On Sat, Jun 7, 2025 at 10:47 PM Jakub Kicinski <kuba@xxxxxxxxxx> wrote:
>
> A not-so-careful NAT46 BPF program can crash the kernel
> if it indiscriminately flips ingress packets from v4 to v6:
>
>   BUG: kernel NULL pointer dereference, address: 0000000000000000
>     ip6_rcv_core (net/ipv6/ip6_input.c:190:20)
>     ipv6_rcv (net/ipv6/ip6_input.c:306:8)
>     process_backlog (net/core/dev.c:6186:4)
>     napi_poll (net/core/dev.c:6906:9)
>     net_rx_action (net/core/dev.c:7028:13)
>     do_softirq (kernel/softirq.c:462:3)
>     netif_rx (net/core/dev.c:5326:3)
>     dev_loopback_xmit (net/core/dev.c:4015:2)
>     ip_mc_finish_output (net/ipv4/ip_output.c:363:8)
>     NF_HOOK (./include/linux/netfilter.h:314:9)
>     ip_mc_output (net/ipv4/ip_output.c:400:5)
>     dst_output (./include/net/dst.h:459:9)
>     ip_local_out (net/ipv4/ip_output.c:130:9)
>     ip_send_skb (net/ipv4/ip_output.c:1496:8)
>     udp_send_skb (net/ipv4/udp.c:1040:8)
>     udp_sendmsg (net/ipv4/udp.c:1328:10)
>
> The output interface has a 4->6 program attached at ingress.
> We try to loop the multicast skb back to the sending socket.
> Ingress BPF runs as part of netif_rx(), pushes a valid v6 hdr
> and changes skb->protocol to v6. We enter ip6_rcv_core which
> tries to use skb_dst().
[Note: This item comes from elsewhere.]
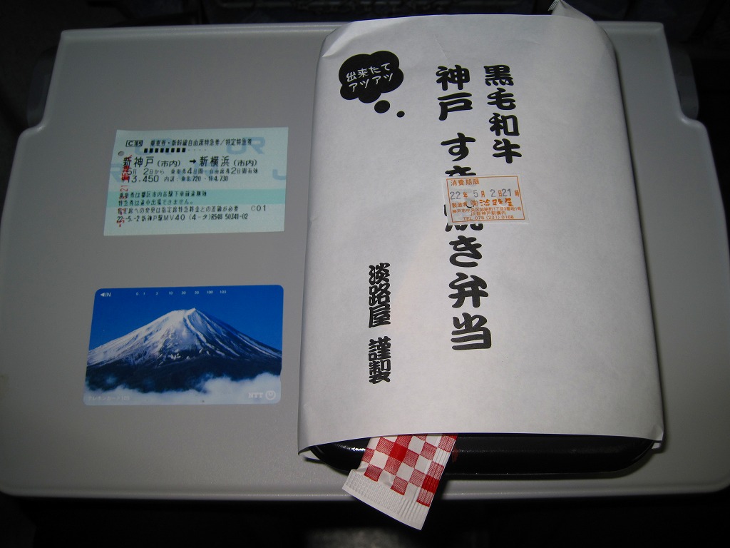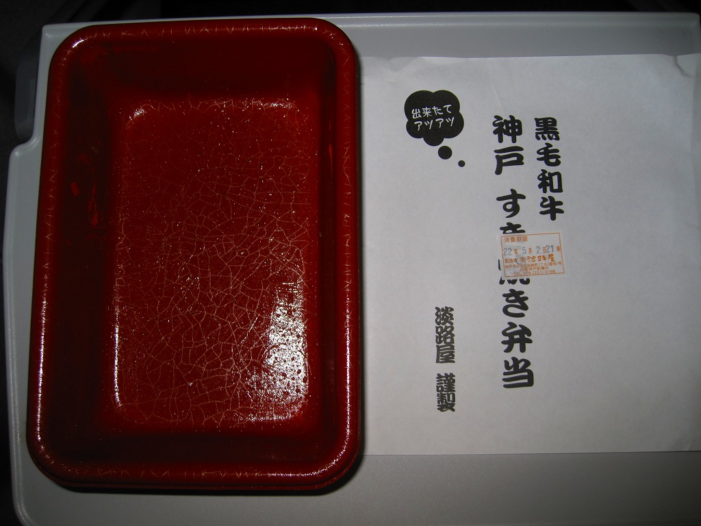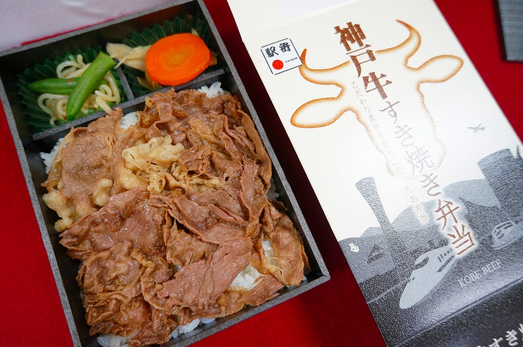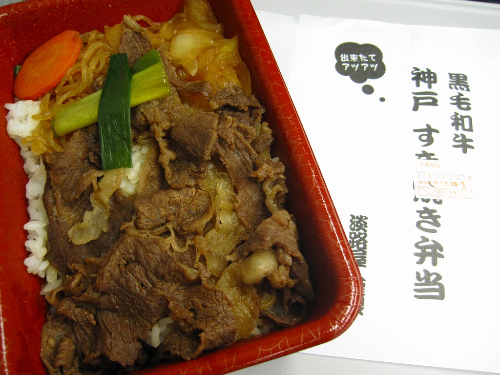 掛紙でも販売員からも一押しされたとおり、確かに出来たてでアツアツなのだが、中身は暖かいだけであまり美味いとは思えない牛丼だった。この調製元の「肉めし」その他の常温駅弁での牛肉の旨さを考えると、掛紙のデザインや容器の選定ともども、駅弁屋の実力が出ていない駅弁だと思う。2011年までに上記の「神戸牛すきやき弁当」(1,300円)へリニューアルされた模様。

But the dst is still an IPv4 one left
> after IPv4 mcast output.
>
> Clear the dst in all BPF helpers which change the protocol.
> Also clear the dst if we did an encap or decap as those
> will most likely make the dst stale.
> Try to preserve metadata dsts, those may carry non-routing
> metadata.
>
> Reviewed-by: Maciej Żenczykowski <maze@xxxxxxxxxx>
> Acked-by: Daniel Borkmann <daniel@xxxxxxxxxxxxx>
> Fixes: d219df60a70e ("bpf: Add ipip6 and ip6ip decap support for bpf_skb_adjust_room()")
> Fixes: 1b00e0dfe7d0 ("bpf: update skb->protocol in bpf_skb_net_grow")
> Fixes: 6578171a7ff0 ("bpf: add bpf_skb_change_proto helper")
> Signed-off-by: Jakub Kicinski <kuba@xxxxxxxxxx>
> ---
> v2:
>  - drop on encap/decap
>  - fix typo (protcol)
>  - add the test to the Makefile
> v1: https://lore.kernel.org/20250604210604.257036-1-kuba@xxxxxxxxxx
>
> I wonder if we should not skip ingress (tc_skip_classify?)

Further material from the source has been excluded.